Figure S2 Differentially expressed miRNAs and lincRNAs

The relationship between a) miRNAor b) lincRNA expression and all the pertinent covariates are explored for the differentially expressed miRNAs and lincRNAs that were listed in Table 1 and Table 4. For each miRNA or lincRNA a linear model is fitted using the study of origin (Study), age at death (Age), sex, neuronal composition (NNLS), post-mortem interval (PMI), RNA integrity number (RIN), neurotic plaques (NP) and neurofibrillary tangles (NFT) as explanatory variables. The standardized effect size of each of these explanatory variables and 95% confidence intervals are then plotted.

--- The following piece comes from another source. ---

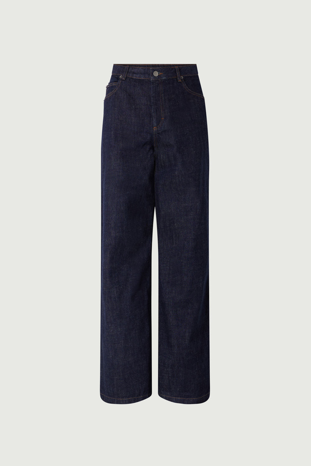- Straight cut, mid-rise waist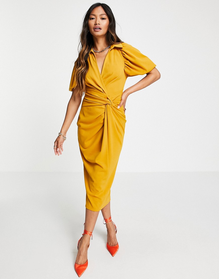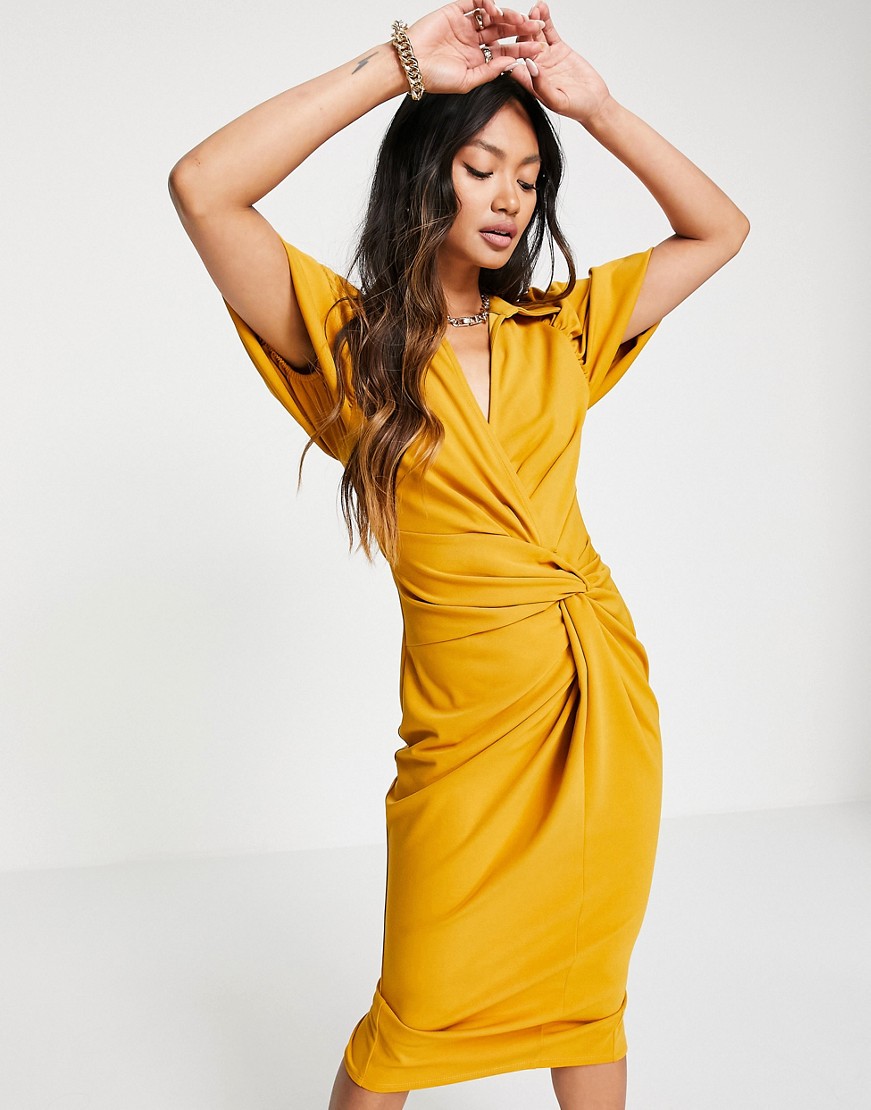 Musztardowa sukienka kopertowa midi z ozdobnym węzłem 46

Figure S3 Validation of RIN association

Many miRNA are observed to have a strong association with RNA-integrity in this cohort, the strongest of which is miR-1260 (Pearson correlation of -0.73). To validate that these associations are not an artifact of the Nanostring platform the expression of miR-1260was measure via qRT-PCR for 20 subjects. The expression of miR-1260 was normalized to miR-99a, a miRNA that did not show a strong association with RIN. We observed that miR-1260 also has a strong association with RIN (Pearson correlation -0.75) in the qRT-PCR data.

References

Cogswell JP, Ward J, Taylor IA, Waters M, Shi Y, Cannon B, et al. Identification of miRNA changes in Alzheimer's disease brain and CSF yields putative biomarkers and insights into disease pathways. Journal of Alzheimer's disease : JAD 2008; 14(1): 27-41.

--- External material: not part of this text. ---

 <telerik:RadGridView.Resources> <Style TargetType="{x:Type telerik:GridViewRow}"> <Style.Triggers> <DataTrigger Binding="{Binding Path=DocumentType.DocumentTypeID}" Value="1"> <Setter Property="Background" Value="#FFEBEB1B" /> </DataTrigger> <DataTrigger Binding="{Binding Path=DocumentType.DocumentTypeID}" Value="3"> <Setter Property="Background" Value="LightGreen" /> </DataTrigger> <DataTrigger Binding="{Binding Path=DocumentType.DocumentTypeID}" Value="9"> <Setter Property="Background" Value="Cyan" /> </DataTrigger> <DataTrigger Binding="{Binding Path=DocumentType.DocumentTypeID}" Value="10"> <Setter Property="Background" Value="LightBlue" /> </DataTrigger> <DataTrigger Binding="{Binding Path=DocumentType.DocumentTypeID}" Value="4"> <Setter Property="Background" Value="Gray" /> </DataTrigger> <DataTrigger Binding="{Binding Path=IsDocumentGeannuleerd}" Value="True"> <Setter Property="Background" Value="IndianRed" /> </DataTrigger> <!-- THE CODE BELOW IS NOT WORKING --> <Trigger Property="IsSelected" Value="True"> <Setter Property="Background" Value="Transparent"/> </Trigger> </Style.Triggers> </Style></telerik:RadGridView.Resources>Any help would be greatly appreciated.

Hébert SSS, Horré K, Nicolaï L, Papadopoulou AS, Mandemakers W, Silahtaroglu AN, et al. Loss of microRNA cluster miR-29a/b-1 in sporadic Alzheimer's disease correlates with increased BACE1/beta-secretase expression. Proceedings of the National Academy of Sciences of the United States of America 2008; 105(17): 6415-20.

Lau P, Bossers K, Janky R, Salta E, Frigerio CS, Barbash S, et al. Alteration of the microRNA network during the progression of Alzheimer's disease. EMBO molecular medicine 2013; 5(10): 1613-34.

Nunez-Iglesias J, Liu C-CC, Morgan TE, Finch CE, Zhou XJ. Joint genome-wide profiling of miRNA and mRNA expression in Alzheimer's disease cortex reveals altered miRNA regulation. PloS one 2010; 5(2).